[comp.sys.atari.st.tech] g++ Part comment, part question.

gjh@hplb.hpl.hp.com (Graham Higgins) (02/11/91)

Cliff Stein writes:

++   I'm using G++ 1.35 and GCC 1.36.
++   BTW:  Are there any newer versions of these?

GCC versions have reached 1.39 on terminator, but only 1.37.1 appears in binary
form (1.38 and 1.39 are in "diff" form). 

What I'm concerned about is that the GCC-using ST community is dependent on
*someone else* doing the cross-compilation to get these diffs into binary
format. (Or are they --- has anyone got a GCC v1.39 executable by compiling it
up on an ST?)

For a brief period last year, we lost our primary supplier (Hi jbammi!), what
happens if it's permanent next time? (He might swap his ST for a TT [or best
offer] and then where are we?)

I have tried to follow a path designed to produce an ST GCC-bootstrap
distribution (get the compiler to compile its own sources, and work through the
libs, gdb, binutils, etc) but I find that it's *extremely* difficult to

	a) collate everything required --- it's a dynamic list!
	b) integrate the various gcc, gas & ld options.
	c) track down the various library sources (e.g. termcap)
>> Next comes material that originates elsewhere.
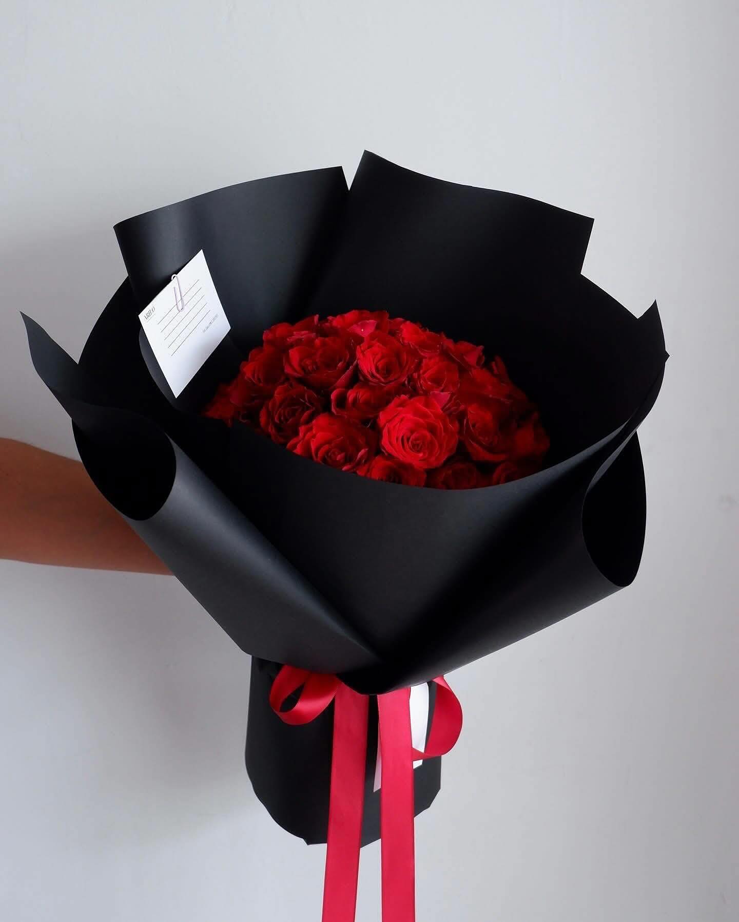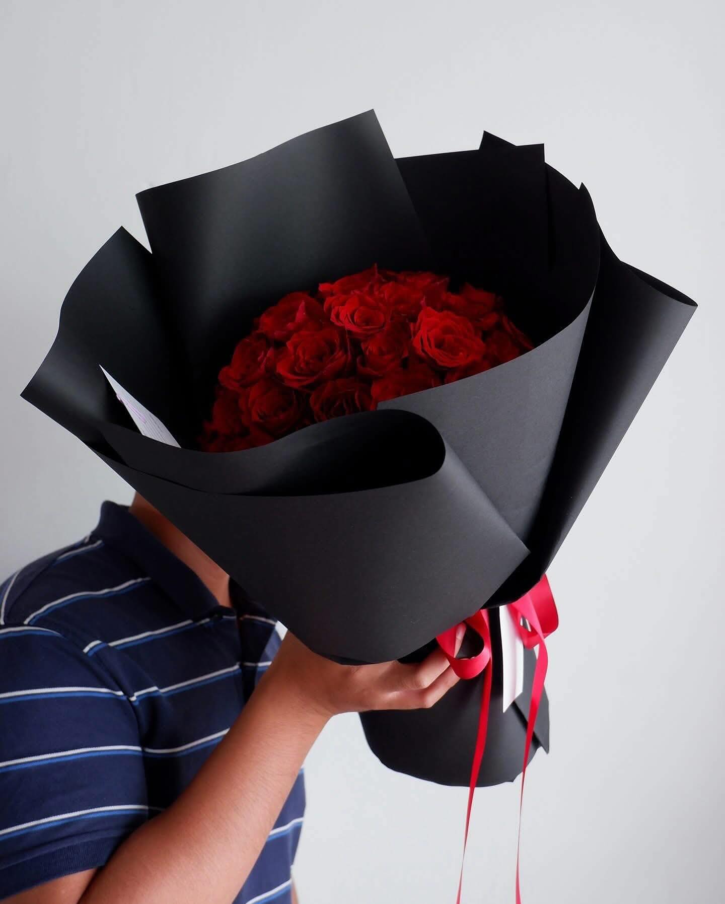 Dưới bàn tay khéo léo của nghệ nhân Arilo, bó hoa không chỉ là sự kết hợp của những đóa hoa mà là một tác phẩm nghệ thuật. Chúng tôi sử dụng giấy gói Hàn Quốc cao cấp (như giấy mờ, giấy lụa) với tông màu trang nhã (ví dụ: kem, xám khói, đen tuyền) làm nổi bật vẻ đẹp kiêu sa của hoa hồng. Điểm nhấn là chiếc nơ lụa mềm mại được thắt thủ công, tạo nên một tổng thể sang trọng và hiện đại.

I tried to compile gcc v139 but bison fell over a .y file --- now I have to
find out whether GCC 1.37 and byacc are still in synch. These problems
generally don't appear when cross-compiling on Eunuchs boxes for example ---
but they do tend to arrive in hordes when ST-bootstrapping.

Cheers,

Graham
======

------------------------------------------------------------------
Graham Higgins             	|  Phone: (0272) 799910 x 24060
Hewlett-Packard Labs    	|  gjh%ghiggins@hpl.hp.co.uk
Bristol                       	|  gjh%ghiggins@hplb.hpl.hp.com
U.K.                          	|  
------------------------------------------------------------------
Disclaimer: My opinions above are exactly that, mine and opinions.
------------------------------------------------------------------

bjsjr@NCoast.ORG (Bill Shroka) (02/18/91)
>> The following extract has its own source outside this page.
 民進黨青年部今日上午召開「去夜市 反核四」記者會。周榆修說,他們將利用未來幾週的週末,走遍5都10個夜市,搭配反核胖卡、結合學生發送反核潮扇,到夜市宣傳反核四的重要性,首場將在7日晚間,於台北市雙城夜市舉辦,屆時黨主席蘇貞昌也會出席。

In article <GJH.91Feb11103129@ghiggins.hpl.hp.com> gjh@hplb.hpl.hp.com (Graham Higgins) writes:
>
>GCC versions have reached 1.39 on terminator,but only 1.37.1 appears in binary
>form (1.38 and 1.39 are in "diff" form). 
>
>What I'm concerned about is that the GCC-using ST community is dependent on
>*someone else* doing the cross-compilation to get these diffs into binary
>format. (Or are they --- has anyone got a GCC v1.39 executable by compiling it
>up on an ST?)

I've compiled GCC 1.39 on my ST.  I used the GULMAKE package that was created
by Jim Hurley.  It's a series of Gulam scripts that automates the make process.
It takes about 2 or 3 hours to completely compile GCC and I experienced
relatively few problems, though it's something I'd rather not do very often :-)


-- 
--------------------------------------------------------------------------
Bill Shroka
bjsjr@NCoast.ORG
ncoast!bjsjr@usenet.INS.CWRU.Edu

jimh@ultra.com (Jim Hurley) (02/22/91)

In <1991Feb17.234055.25173@NCoast.ORG> bjsjr@NCoast.ORG (Bill Shroka) writes:

>In article <GJH.91Feb11103129@ghiggins.hpl.hp.com> gjh@hplb.hpl.hp.com (Graham Higgins) writes:
>>
>>GCC versions have reached 1.39 on terminator,but only 1.37.1 appears in binary
>>form (1.38 and 1.39 are in "diff" form). 
>>
>>What I'm concerned about is that the GCC-using ST community is dependent on
>>*someone else* doing the cross-compilation to get these diffs into binary
>>format. (Or are they --- has anyone got a GCC v1.39 executable by compiling it
>>up on an ST?)

>I've compiled GCC 1.39 on my ST.  I used the GULMAKE package that was created
>by Jim Hurley.  It's a series of Gulam scripts that automates the make process.
>It takes about 2 or 3 hours to completely compile GCC and I experienced
>relatively few problems, though it's something I'd rather not do very often :-)


>-- 
>--------------------------------------------------------------------------
>Bill Shroka
>bjsjr@NCoast.ORG
>ncoast!bjsjr@usenet.INS.CWRU.Edu

As Bill says, this is a tedious process on the ST, but it is doable.
The only problems I have ever encountered were occasional 'make'
errors, or maybe gulam-make interaction errors. However, re-executing the
'make' picked up right where it left off.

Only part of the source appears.